---------- MATERIAL SUPPLIED ----------

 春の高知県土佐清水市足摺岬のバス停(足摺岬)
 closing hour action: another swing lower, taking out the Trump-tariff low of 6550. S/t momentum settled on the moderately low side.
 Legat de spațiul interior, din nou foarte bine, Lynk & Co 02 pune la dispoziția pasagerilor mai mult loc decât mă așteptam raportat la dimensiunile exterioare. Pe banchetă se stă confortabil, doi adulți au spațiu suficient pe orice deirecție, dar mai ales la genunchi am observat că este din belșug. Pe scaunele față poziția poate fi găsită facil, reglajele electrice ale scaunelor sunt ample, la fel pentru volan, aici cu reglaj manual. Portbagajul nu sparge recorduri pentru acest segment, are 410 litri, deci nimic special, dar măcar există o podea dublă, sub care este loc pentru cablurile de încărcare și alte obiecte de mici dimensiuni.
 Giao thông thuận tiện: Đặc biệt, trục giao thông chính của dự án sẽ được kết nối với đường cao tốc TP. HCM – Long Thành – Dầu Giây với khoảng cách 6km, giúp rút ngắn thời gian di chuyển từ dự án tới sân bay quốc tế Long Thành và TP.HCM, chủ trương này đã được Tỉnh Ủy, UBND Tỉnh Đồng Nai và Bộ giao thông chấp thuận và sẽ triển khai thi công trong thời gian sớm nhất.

----------
---------- MATERIAL SUPPLIED ----------

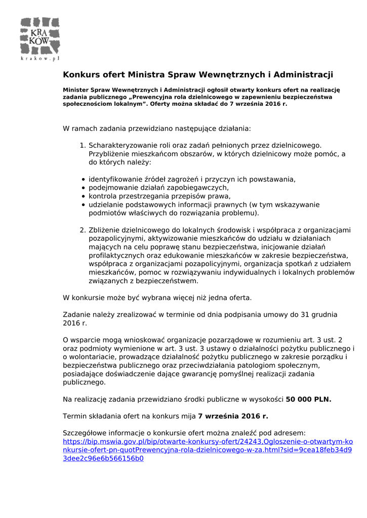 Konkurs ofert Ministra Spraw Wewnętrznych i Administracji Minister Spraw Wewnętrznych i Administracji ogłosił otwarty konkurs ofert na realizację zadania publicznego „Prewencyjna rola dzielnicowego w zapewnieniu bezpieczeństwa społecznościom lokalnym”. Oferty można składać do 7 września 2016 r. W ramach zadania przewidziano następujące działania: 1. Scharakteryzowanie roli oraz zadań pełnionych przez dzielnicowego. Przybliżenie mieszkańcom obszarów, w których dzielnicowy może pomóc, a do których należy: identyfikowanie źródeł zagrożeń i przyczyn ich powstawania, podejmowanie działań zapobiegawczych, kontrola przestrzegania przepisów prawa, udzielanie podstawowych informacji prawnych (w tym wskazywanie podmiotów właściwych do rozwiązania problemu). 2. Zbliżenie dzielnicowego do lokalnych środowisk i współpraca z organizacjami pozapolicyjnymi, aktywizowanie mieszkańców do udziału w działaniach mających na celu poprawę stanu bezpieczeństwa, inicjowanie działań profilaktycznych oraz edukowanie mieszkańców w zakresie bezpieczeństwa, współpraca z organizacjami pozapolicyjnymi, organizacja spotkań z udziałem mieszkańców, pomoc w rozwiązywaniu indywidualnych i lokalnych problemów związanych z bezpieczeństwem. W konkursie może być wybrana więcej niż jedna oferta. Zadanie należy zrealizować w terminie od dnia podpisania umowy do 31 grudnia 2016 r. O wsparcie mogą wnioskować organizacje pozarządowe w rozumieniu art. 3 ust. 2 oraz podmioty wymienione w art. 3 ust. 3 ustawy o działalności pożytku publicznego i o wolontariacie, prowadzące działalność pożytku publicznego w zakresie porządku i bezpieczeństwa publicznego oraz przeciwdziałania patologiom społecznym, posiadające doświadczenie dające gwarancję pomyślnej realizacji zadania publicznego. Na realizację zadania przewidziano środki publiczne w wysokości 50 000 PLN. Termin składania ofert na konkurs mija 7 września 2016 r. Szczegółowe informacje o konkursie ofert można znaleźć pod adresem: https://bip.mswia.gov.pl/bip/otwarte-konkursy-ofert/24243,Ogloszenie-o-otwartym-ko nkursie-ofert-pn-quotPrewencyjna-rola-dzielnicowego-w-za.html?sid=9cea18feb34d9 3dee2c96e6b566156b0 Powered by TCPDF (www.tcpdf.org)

----------
---------- MATERIAL SUPPLIED ----------

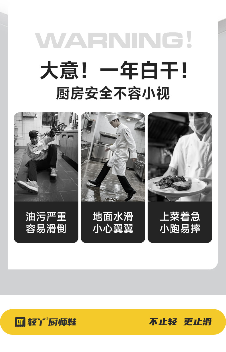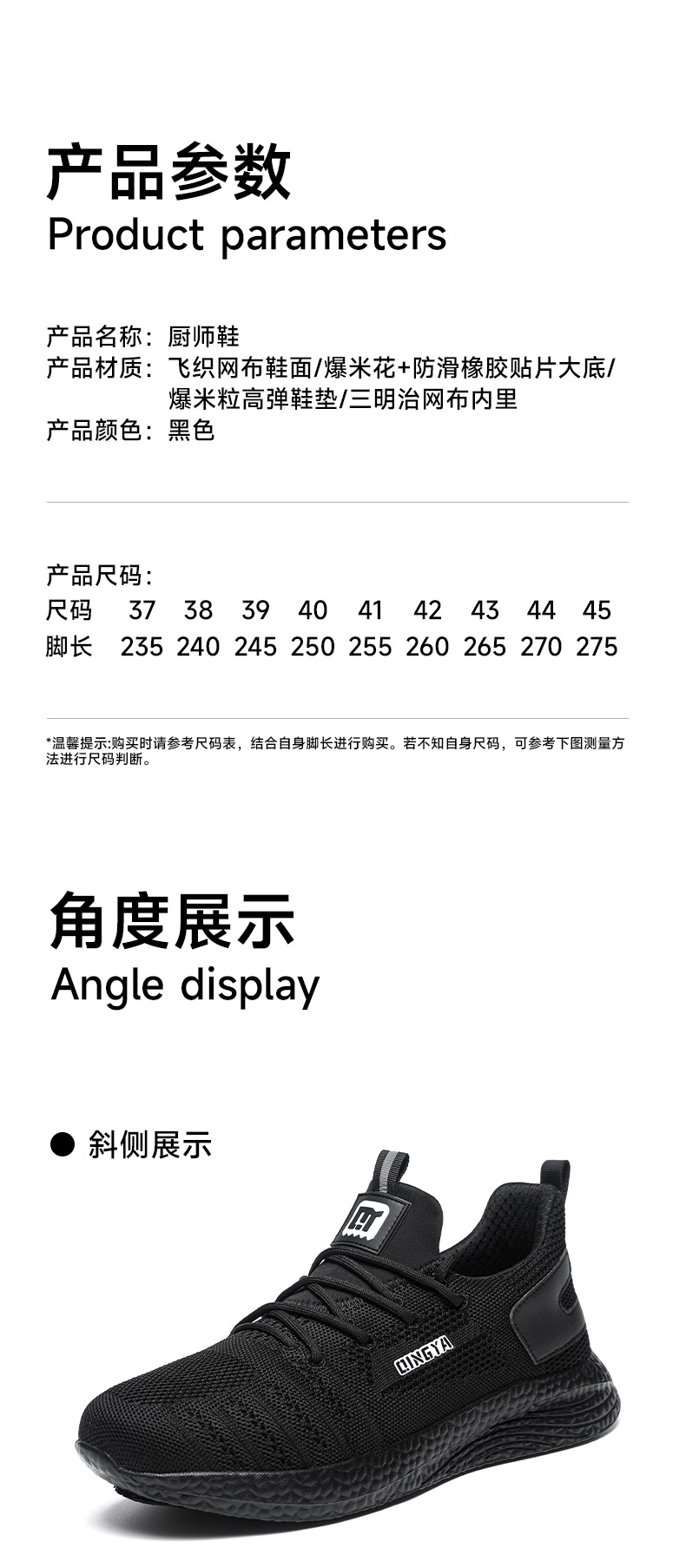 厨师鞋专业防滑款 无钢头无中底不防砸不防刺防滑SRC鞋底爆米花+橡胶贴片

----------

◆ **AIM OF THE EXERCISE**:
Please output the lines of the listing above that fall in the stretch from the one with "春の高知県土佐清水市足摺岬のバス停(足摺岬)" through the one with "closing hour action: another", exactly and only those.

◆ **TASK ANSWER**:
 春の高知県土佐清水市足摺岬のバス停(足摺岬)
 closing hour action: another swing lower, taking out the Trump-tariff low of 6550. S/t momentum settled on the moderately low side.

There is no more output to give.